ACTIVITY. Your copy starts at the line containing "媒體人苗原發(fā)文表示:浦項(xià" and ends at the last line below. Copy exactly, without pictures.

DATASET EXTRACT.
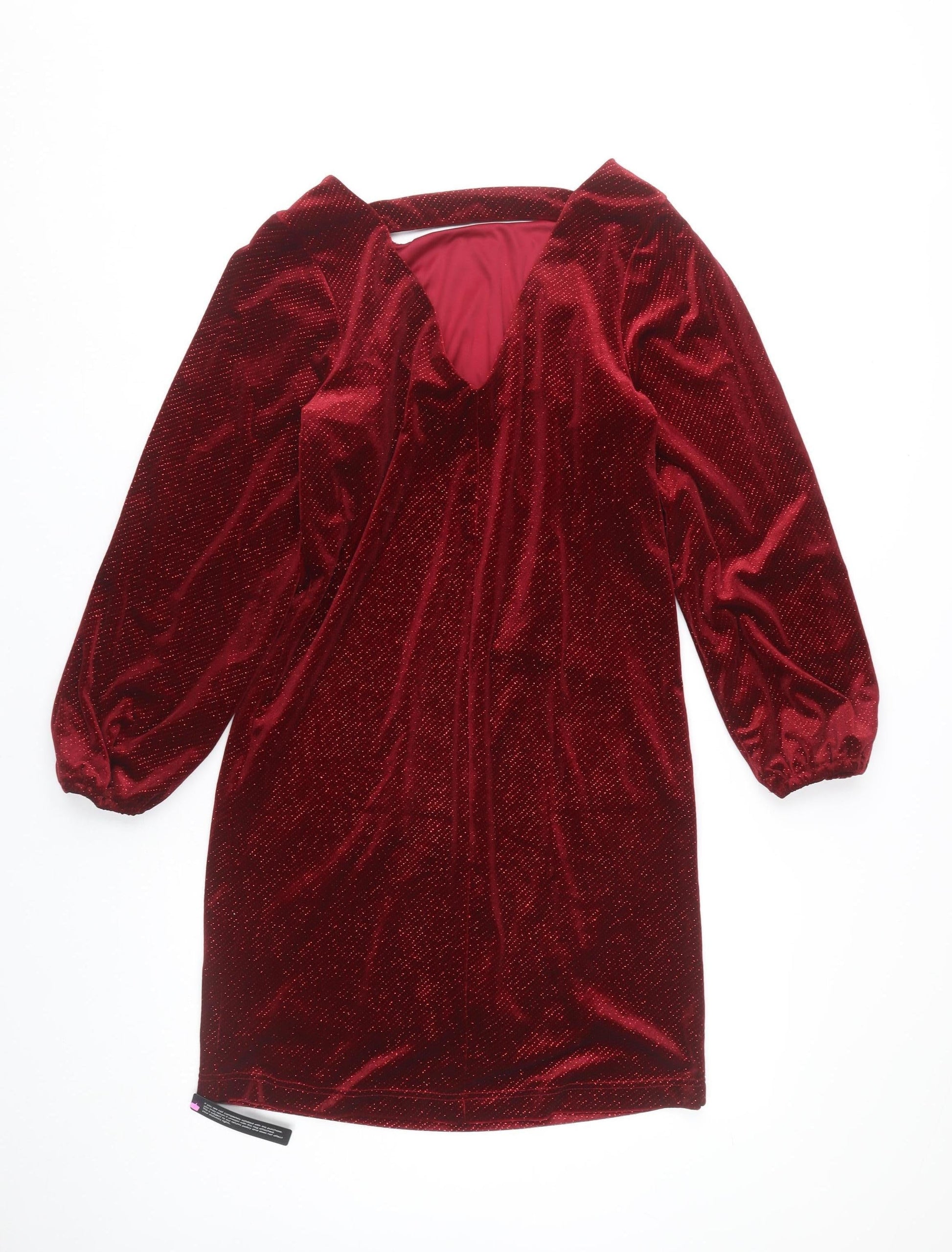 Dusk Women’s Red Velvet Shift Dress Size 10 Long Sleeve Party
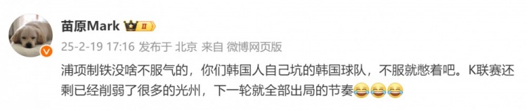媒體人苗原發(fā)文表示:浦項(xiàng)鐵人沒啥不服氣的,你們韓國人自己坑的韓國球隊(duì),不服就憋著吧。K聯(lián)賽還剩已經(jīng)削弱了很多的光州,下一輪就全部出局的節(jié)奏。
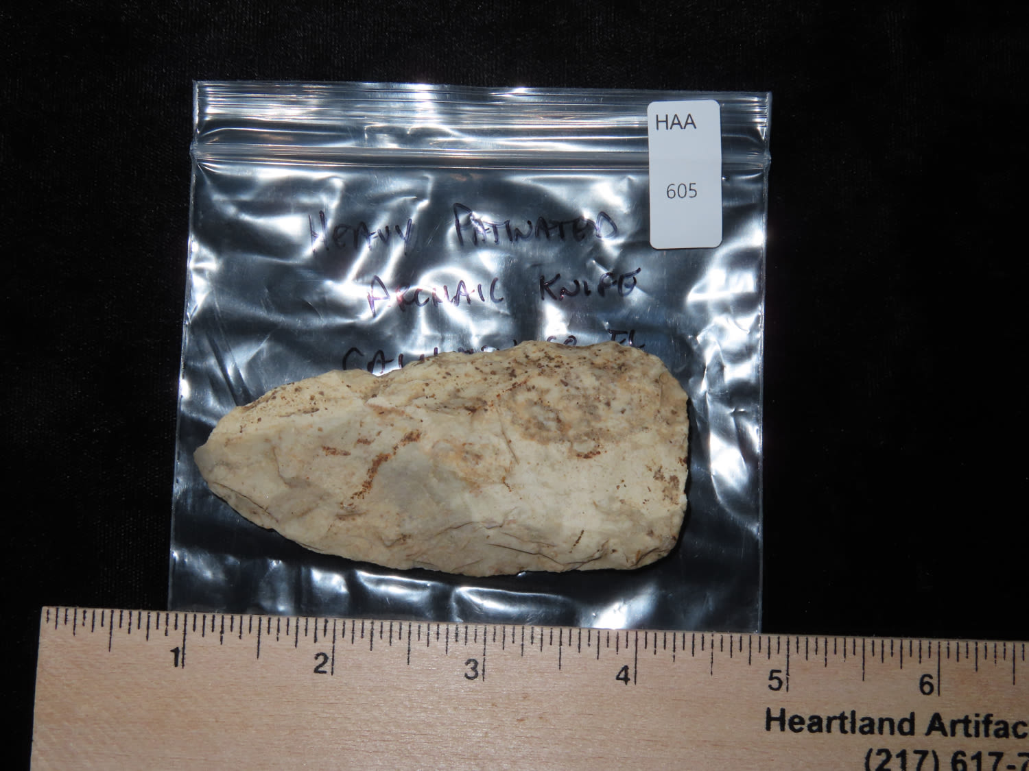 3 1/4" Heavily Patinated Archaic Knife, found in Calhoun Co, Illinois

PROBLEM SOLUTION.
媒體人苗原發(fā)文表示:浦項(xiàng)鐵人沒啥不服氣的,你們韓國人自己坑的韓國球隊(duì),不服就憋著吧。K聯(lián)賽還剩已經(jīng)削弱了很多的光州,下一輪就全部出局的節(jié)奏。
 3 1/4" Heavily Patinated Archaic Knife, found in Calhoun Co, Illinois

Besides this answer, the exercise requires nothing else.